## What you have to do
Leaving the pictures aside, write out the whole listing below exactly.

## Recorded information
* * * * * * * * *

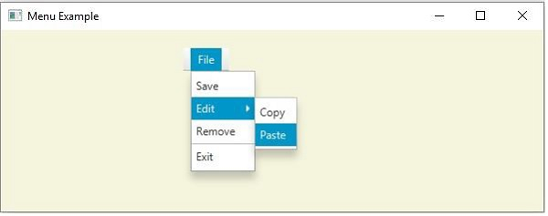 選單是呈現給使用者的選項或命令的列表,通常,選單包含執行某些操作的專案。選單的內容稱為選單專案,一個選單欄包含多個選單。可以建立選單,透過例項化 javafx.scene.control.Menu 類。
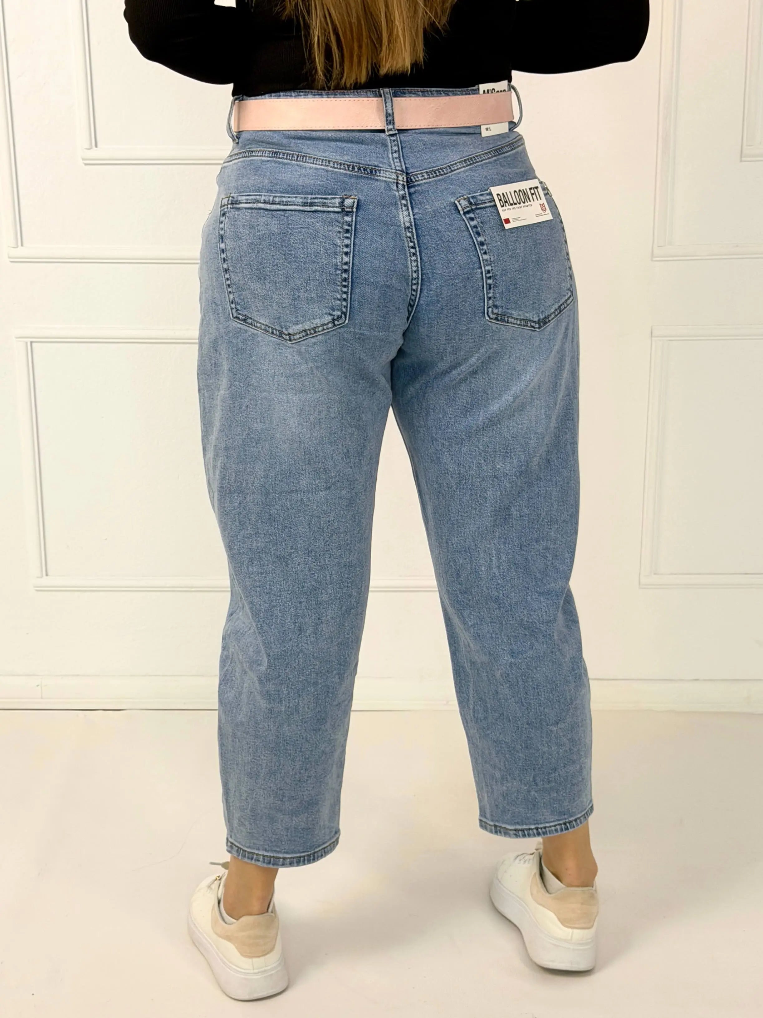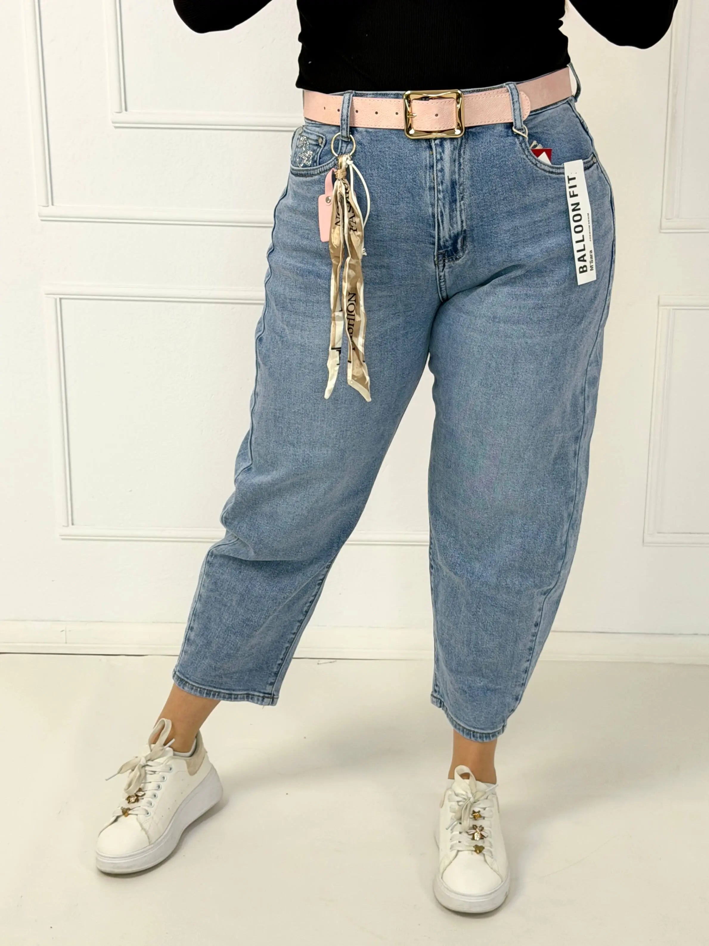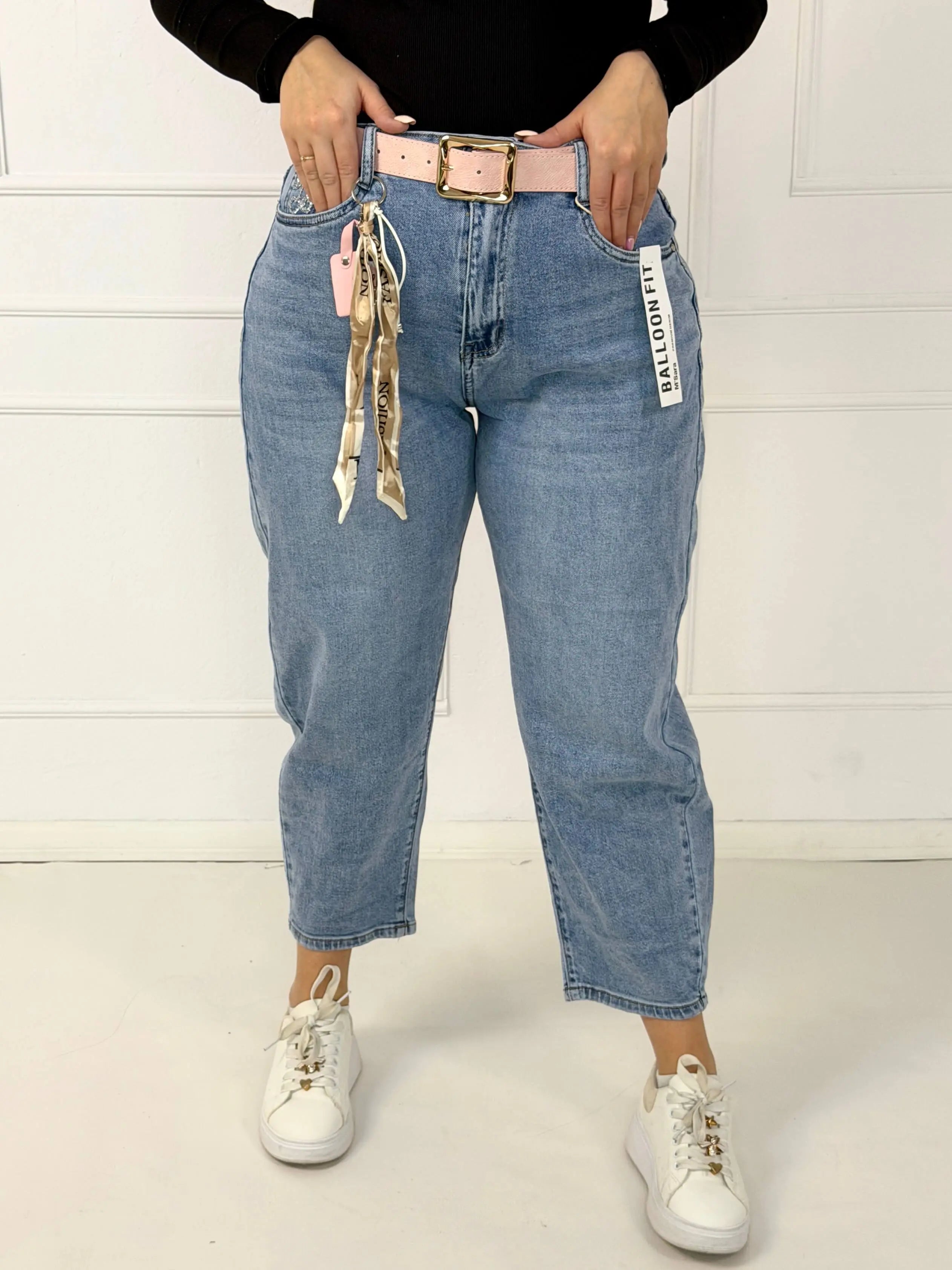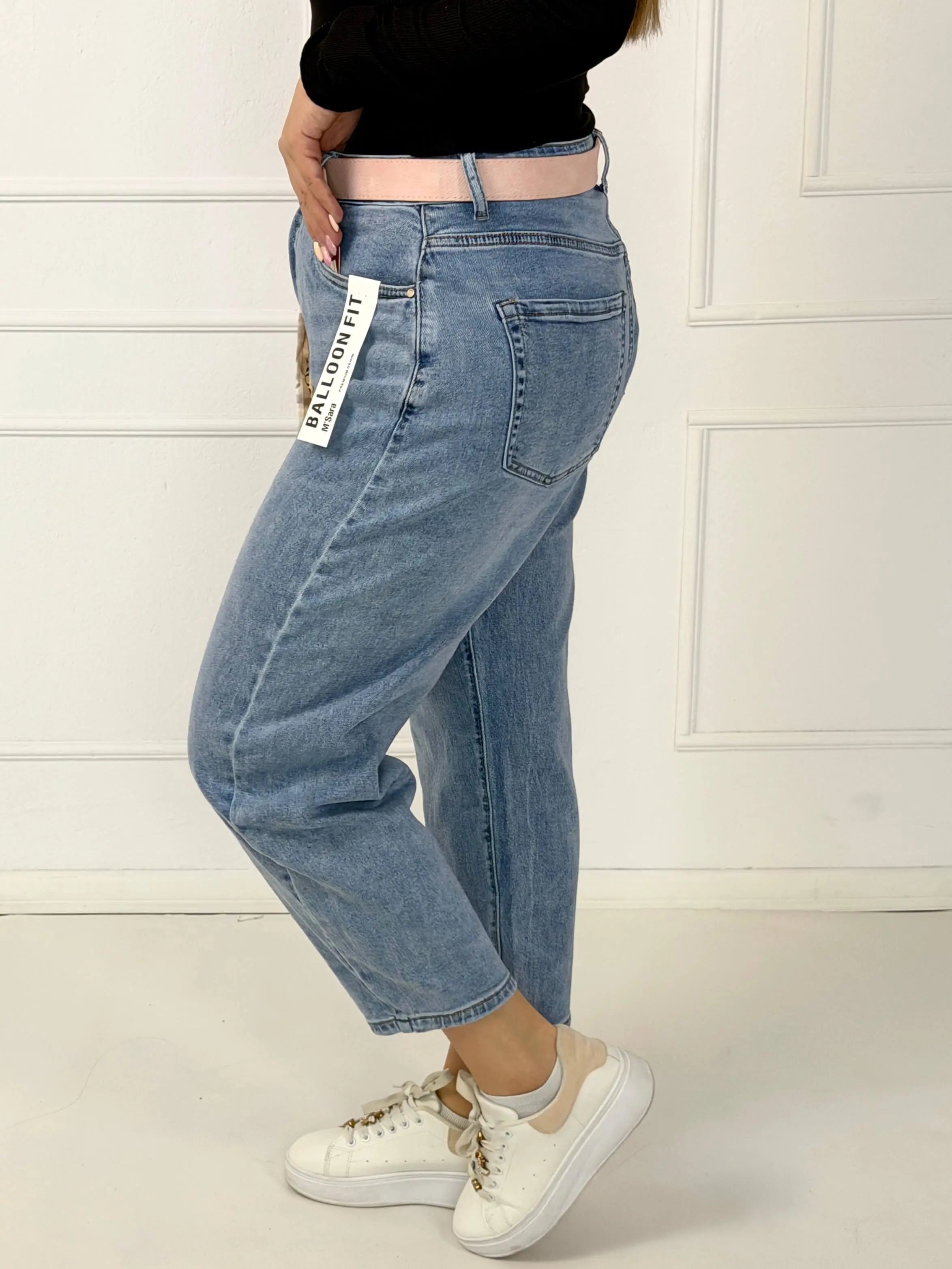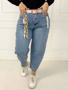 Spodnie jeansowe plus size typu balloon fit z paskiem M.Sara
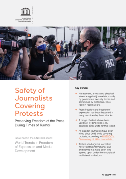"Key trends: Harassment, arrests and physical violence against journalists, mostly by government security forces and sometimes by protestors, have risen in recent years; Press freedom and freedom of expression has been impacted in many countries by these attacks; A range of attacks have been identified by UNESCO in 65 countries since 2015 for this report; At least ten journalists have been killed since 2015 while covering protests, according to UNESCO’s Observatory of Killed Journalists; Tactics used against journalists have violated international laws and norms that have been long agreed upon under the umbrella of multilateral institutions." (Page 1)
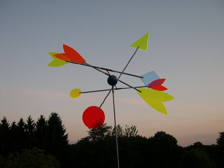 Dieses Windspiel ist aus fluoriszierendem Acrylglas hergestellt und hat 4 Flügel. Das Material ist ein Lichtsammler, d.h. es fängt das unsichtbare UV-Licht und gibt es als leuchtende Farbe wieder. Dafür ist zwar Tageslicht erforderlich, aber kein Sonnenschein. Besonders in den Zeiten, wo wenig Sonne scheint, leuchten die Scheiben sehr intensiv. Durch die ständige Bewegung verwandelt sich der Lichteinfall und das Windspiel sieht immer wieder anders aus.

* * * * * * * * *

## Exercise answer
 選單是呈現給使用者的選項或命令的列表,通常,選單包含執行某些操作的專案。選單的內容稱為選單專案,一個選單欄包含多個選單。可以建立選單,透過例項化 javafx.scene.control.Menu 類。
 Spodnie jeansowe plus size typu balloon fit z paskiem M.Sara
"Key trends: Harassment, arrests and physical violence against journalists, mostly by government security forces and sometimes by protestors, have risen in recent years; Press freedom and freedom of expression has been impacted in many countries by these attacks; A range of attacks have been identified by UNESCO in 65 countries since 2015 for this report; At least ten journalists have been killed since 2015 while covering protests, according to UNESCO’s Observatory of Killed Journalists; Tactics used against journalists have violated international laws and norms that have been long agreed upon under the umbrella of multilateral institutions." (Page 1)
 Dieses Windspiel ist aus fluoriszierendem Acrylglas hergestellt und hat 4 Flügel. Das Material ist ein Lichtsammler, d.h. es fängt das unsichtbare UV-Licht und gibt es als leuchtende Farbe wieder. Dafür ist zwar Tageslicht erforderlich, aber kein Sonnenschein. Besonders in den Zeiten, wo wenig Sonne scheint, leuchten die Scheiben sehr intensiv. Durch die ständige Bewegung verwandelt sich der Lichteinfall und das Windspiel sieht immer wieder anders aus.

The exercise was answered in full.